How to troubleshoot Redis delay problem 04/21 Update SLTechnology News&Howtos

How to troubleshoot Redis delay problem

2025-04-21 Update From: SLTechnology News&Howtos shulou NAV: SLTechnology News&Howtos > Internet Technology >

Shulou(Shulou.com)06/01 Report--

This article mainly explains "how to troubleshoot Redis delay problems". The content of the explanation is simple and clear, and it is easy to learn and understand. Please follow the editor's train of thought to study and learn "how to troubleshoot Redis delay problems".

Use complex commands

How to troubleshoot if you find a sudden increase in access latency when using Redis?

First of all, as a first step, I suggest you check Redis's slow log. Redis provides the statistical function of slow log commands, and we can see which commands have a large delay in execution by setting the following settings.

First, set the slow log threshold of Redis. Only commands that exceed the threshold will be recorded. The units here are subtle, such as setting the slow log threshold to 5 milliseconds, while setting only the last 1000 slow log records:

# Command to record slow logs for more than 5 milliseconds CONFIG SET slowlog-log-slower-than 5000 # keep only the last 1000 slow logs CONFIG SET slowlog-max-len 1000

After the setting is completed, all commands executed with a delay of more than 5 milliseconds will be recorded by Redis. We execute SLOWLOG get 5 to query the last 5 slow logs:

127.0.1 SLOWLOG get 6379 > integer 5 1) 1) (integer) 32693 # slow log ID 2) (integer) 1593763337 # execution time 3) (integer) 5299 # execution time (subtle) 4) 1) "LRANGE" # specific commands and parameters 2) "user_list_2000" 3) "0 "4)-1" 2) 1) (integer) 32692 2) (integer) 1593763337 3) (integer) 5044 4) 1) "GET" 2) "book_price_1000".

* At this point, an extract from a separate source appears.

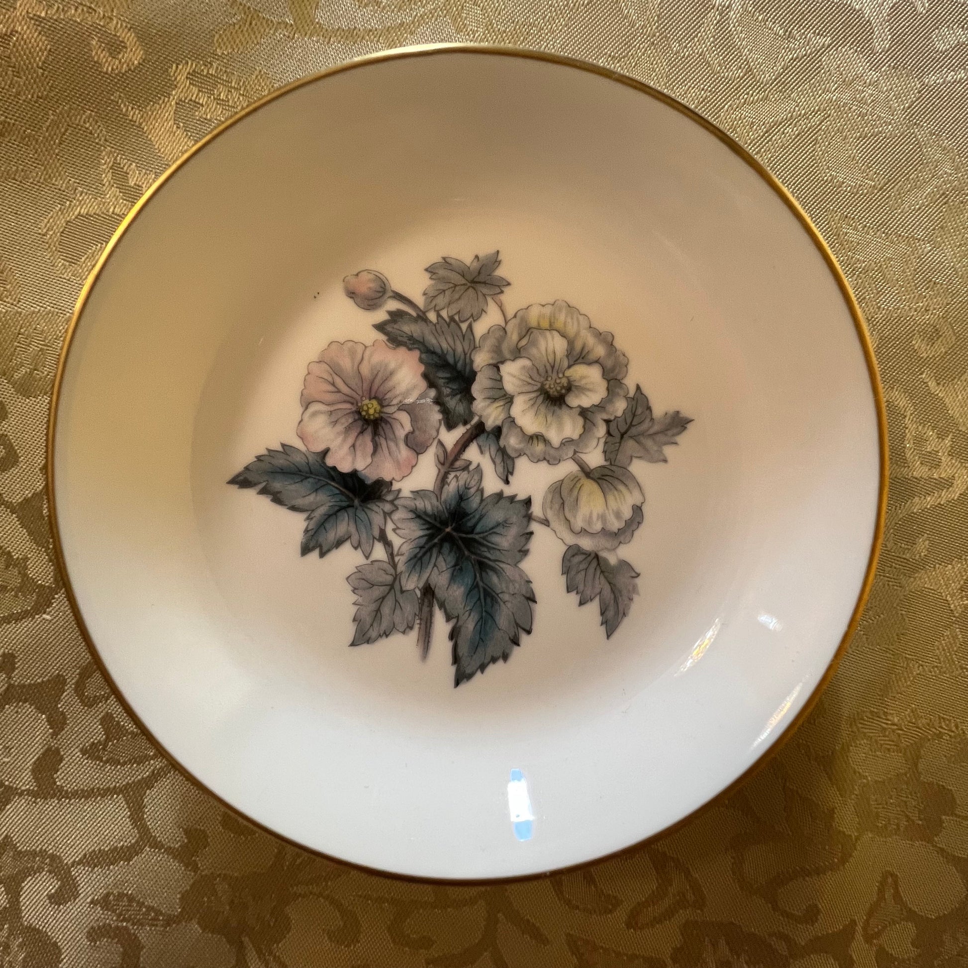 Description: Grey tones floral print with gold trim. Stamped Royal Worcester

By looking at the slow log records, we can know when and which commands are more time-consuming. If your business often uses commands with complexity above O (n), such as sort, sunion, zunionstore, or when executing O (n) commands, it is very time-consuming for Redis to process data.

If you have a small number of service requests, but the CPU utilization of the Redis instance is very high, it is most likely due to the use of complex commands.

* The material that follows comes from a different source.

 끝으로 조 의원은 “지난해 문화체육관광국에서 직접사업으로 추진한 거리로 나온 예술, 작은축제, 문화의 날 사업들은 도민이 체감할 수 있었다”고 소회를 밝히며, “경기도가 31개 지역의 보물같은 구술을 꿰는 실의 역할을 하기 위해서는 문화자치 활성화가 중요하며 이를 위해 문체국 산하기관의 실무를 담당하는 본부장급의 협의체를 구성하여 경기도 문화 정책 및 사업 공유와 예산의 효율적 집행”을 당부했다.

The solution is not to use these complex commands, and not to get too much data at a time, and to manipulate a small amount of data at a time so that Redis can process the return in a timely manner.

Store large key

If you query the slow log and find that it is not caused by complex commands, for example, SET and DELETE operations appear in the slow log record, then you should doubt whether Redis has written a large key.

When Redis writes data, it needs to allocate memory for new data, and when it deletes data from Redis, it frees up the corresponding memory space.

If a key writes a very large amount of data, Redis can also be time-consuming in allocating memory. Similarly, it takes a long time to free memory when deleting data from this key.

You need to check your business code, whether there is a situation to write a large key, you need to evaluate the amount of data written, and the business layer should avoid storing too much data in a key.

So is there any way to scan the data of large key in Redis?

Redis also provides a way to scan large key:

Redis-cli-h $host-p $port-- bigkeys-I 0.01

Using the above command, you can scan the distribution of the key size of the entire instance, which is shown in type dimensions. Why can Redis single thread reach millions + QPS? I recommend taking a look.

It should be noted that when we scan a large key on an online instance, the QPS of Redis will increase suddenly. In order to reduce the impact on Redis during scanning, we need to control the scanning frequency by using the-I parameter, which indicates the interval between each scan during the scanning process (in seconds).

The principle of using this command is that Redis executes the scan command internally, iterates through all the key, and then executes strlen, llen, hlen, scard, and zcard for different types of key to get the length of the string and the number of elements of the container type (list/dict/set/zset).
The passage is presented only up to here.